Este óleo de las maletas vio la luz en 2001... Justo el año en el que yo caminaba por Roma libre y feliz como nunca antes lo había sido. Recuerdo mañanas extraordinarias de excursiones en soledad... Recuerdo mis paseos por Villa Borghese... y aquellas escapadas al mar... y el saludo de la Historia en Ostia Antica o Villa Adriana, y el descubrimiento de pueblecitos encantadores cercanos como Isola Farnese, o ya en la sierra, enclaves con sabor a tiempo detenido, como Bracciano y su lago de plata y azul. ...Hoy estoy segura de que cada paso que he dado formaba parte de mi camino hacia él.
Mi querido Luca: Madrid no es Roma, pero tiene su interés, y tú lo advertirás mejor que muchos madrileños, de la misma manera que yo conozco Roma y sus alrededores mejor que muchos romanos.

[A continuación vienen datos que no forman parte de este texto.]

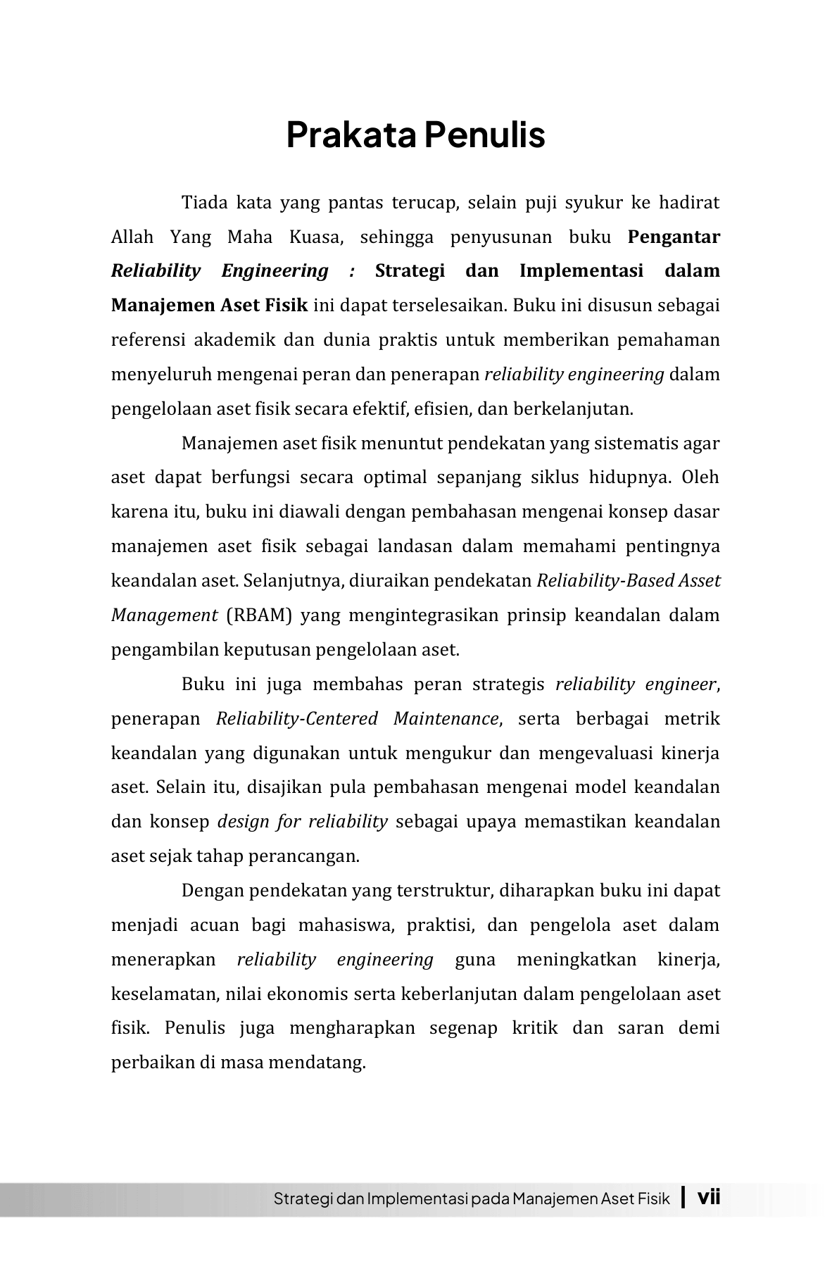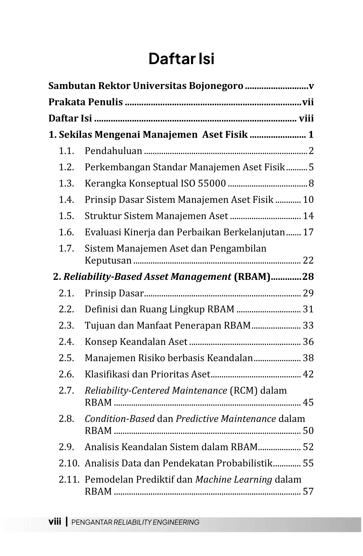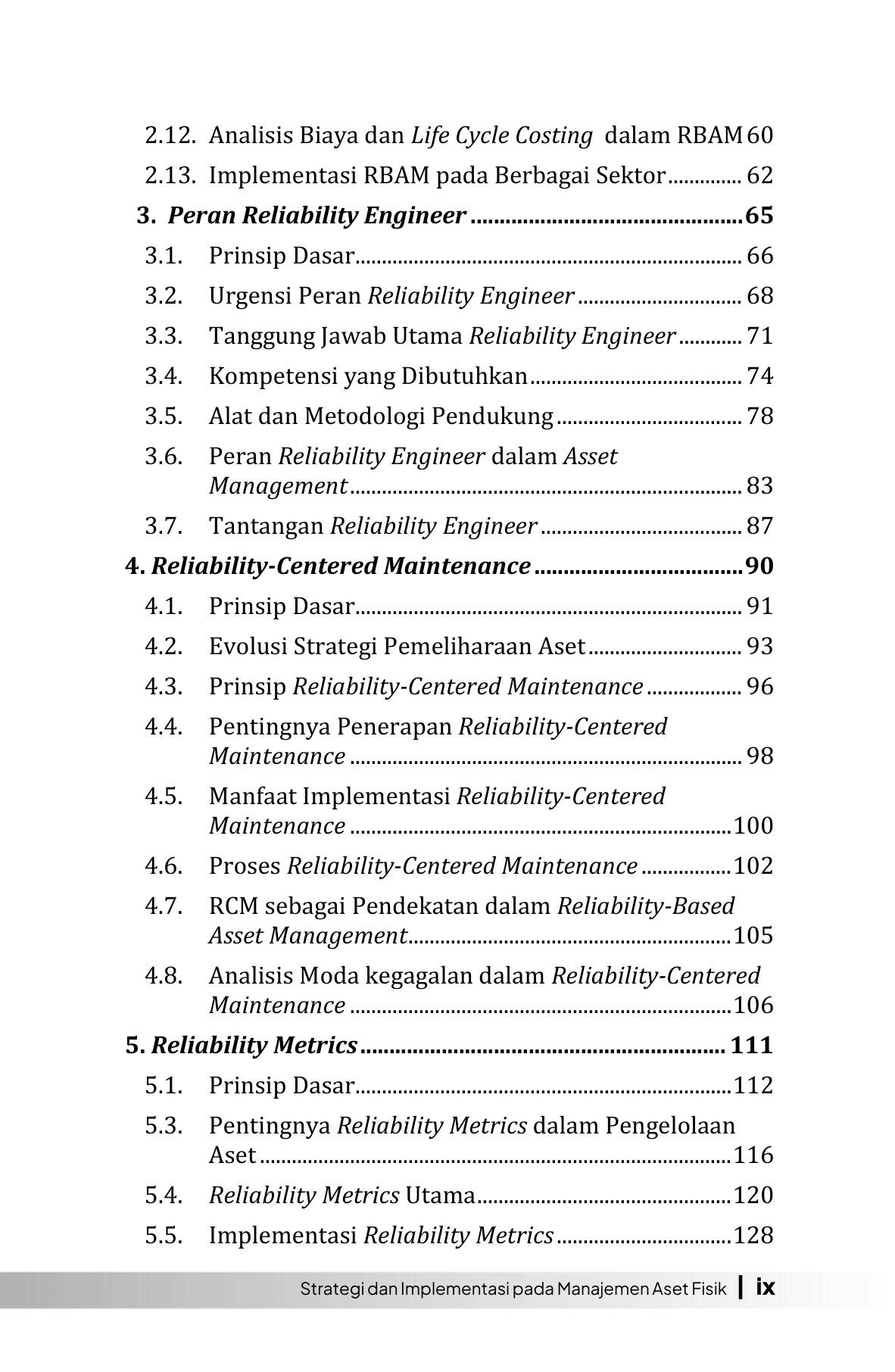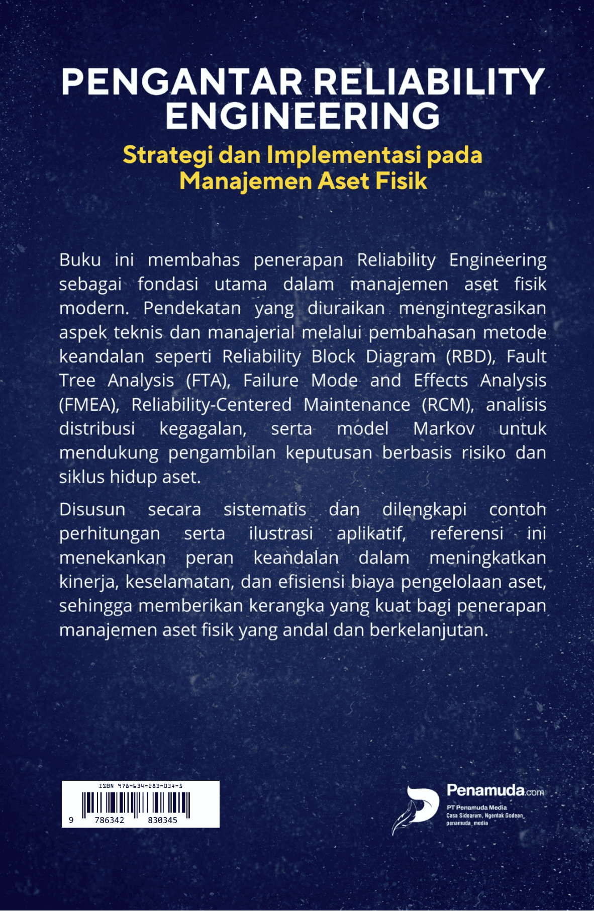 Buku ini membahas penerapan Reliability Engineering sebagai fondasi utama dalam manajemen aset fisik modern. Pendekatan yang diuraikan mengintegrasikan aspek teknis dan manajerial melalui pembahasan metode keandalan seperti Reliability Block Diagram (RBD), Fault Tree Analysis (FTA), Failure Mode and Effects Analysis (FMEA), Reliability-Centered Maintenance (RCM), analisis distribusi kegagalan, serta model Markov untuk mendukung pengambilan keputusan berbasis risiko dan siklus hidup aset. Disusun secara sistematis dan dilengkapi contoh perhitungan serta ilustrasi aplikatif, referensi ini menekankan peran keandalan dalam meningkatkan kinerja, keselamatan, dan efisiensi biaya pengelolaan aset, sehingga memberikan kerangka yang kuat bagi penerapan manajemen aset fisik yang andal dan berkelanjutan.

Pasea y respira lo mejor de nuestra ciudad; apártate de aquello que no te va, conócelo sólo desde la distancia... Y procura comprender el alma de los madrileños, para quienes la vida no es fácil, en general, pero que aciertan a abrirse hueco en sus agendas y entre el tráfico para pescar, de cuando en cuando, inolvidables atardeceres, esos que han grabado nuestros pintores a lo largo de los siglos.
Conoce nuestro cielo desde aquellos lugares altos que lo abrazan y en los que podrás gozar de paz, y respirar la brisa que sopla desde la sierra, y que muchas veces es más fuerte que la contaminación. Pasea en torno a la antigua Almudaina, el origen de nuestra ciudad, nuestro propio origen. Goza del atardecer y de los desniveles que han tratado de proteger Madrid de una y mil batallas, desde San Francisco el Grande hasta el Templo de Debod. Madrid es una ciudad abierta, acogedora y llena de sorpresas. Madrid no es 'eso que dicen' de ella, sino que será para ti eso que quieras tú. Yo sólo te he dado algunas ideas...
Buen viaje, Luca... No pasa nada si olvidas meter alguna cosa en la maleta... Basta que recuerdes llevar contigo lo más importante: LA DULCE EMOCIÓN DEL BUEN VIAJERO...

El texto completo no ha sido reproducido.